The weather during the last few weeks has been extremely schizophrenic. Some people are bundled up in winter coats while others are strolling around in cargo shorts and tank tops. The furnace in my basement roared back to life in the beginning of June as the heat kicked on. I can’t remember the last time that happened in June (if ever). I hate when it’s colder inside the house than it is outside. It was so cold in my living room, my wife’s teeth were chattering while she huddled beneath two comforters (and two cats) on the living room sofa. I told her I was going outside to sit on the front porch to warm up.

I put my air-conditioners in my windows in May during our now forgotten two-day heatwave. I haven’t  turned them on since then. Something tells me my electric bill may be lower this summer if the current cooling trend continues. I won’t mind. I’ll have time to pay off my home heating bill from last year.

I never thought I’d be happy doing household chores. The other night I replaced my storm doors with screen doors in the front and back of my house. I was positively giddy at the thought that it might be warm enough to actually open up the doors this spring. I even replaced the screens without my cats accidentally escaping.

The official first day of summer is Wednesday, June 21st. I won’t complain about not having a spring if we have a nice summer. And if that nice summer turns into an extended warm Fall season like it has for the past fews years, then I’m all in. The waiting is the hardest part. That’s what Tom Petty says anyway.

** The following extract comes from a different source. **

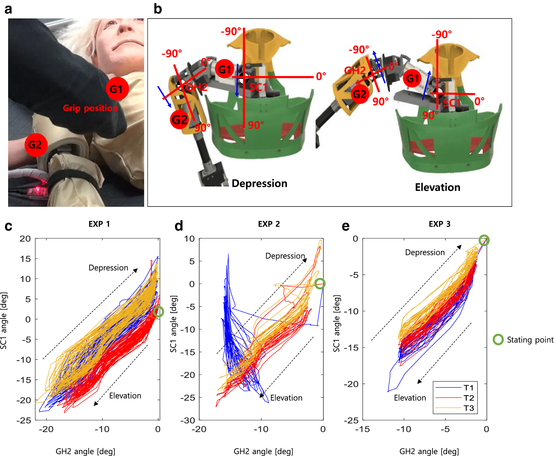Figure 8 shows the example of angle curves between SC1 and GH2 during the ED exercise performance by experts. Typically, the experts hold the robot shoulder (grip position 1: G1) with their right hand, and the arm (G2) with their left hand when performing the ED exercise as shown in Fig. 8a. Figure 8b presents the mechanism of the ED exercise, while the joints of SC1 and GH2 were involved when performing ED movement with robot based on G1 and G2. In the depression movement, the expert lowers the SC1 joint of the robot while lowering the GH2 joint simultaneously, and vice versa. Figure 9c–e shows the angle curves of SC1 and GH2 joints. In all three tests (T1, T2, and T3), EXP 1 (Fig. 8c) and EXP 3 (Fig. 8e) had a constant angle amplitude and movement period for each test. However, the EXP 2 showed that the T1 movement was in the opposite direction of T2 and T3 (Fig. 8d). EXP 2 lowered the shoulder joint (GH2) when raising the clavicle (SC1) during the first test (T1), and raised it when lowering the clavicle joint.

Summer is so short in New England. I’m going to savor every moment. That includes breakfast on my patio and long stretches of time sitting on my front porch reading books. I will spend as little time as possible in front of my television, as long as I can escape the hooks of Big Brother (the television series, not the government’s secret photographic eye-in-the-sky satellite system). I’m also contemplating a self-imposed “news blackout” this summer. We’ve all been inundated with hourly breaking news every day since last November. I don’t think I’ll miss anything important. What are the chances of that?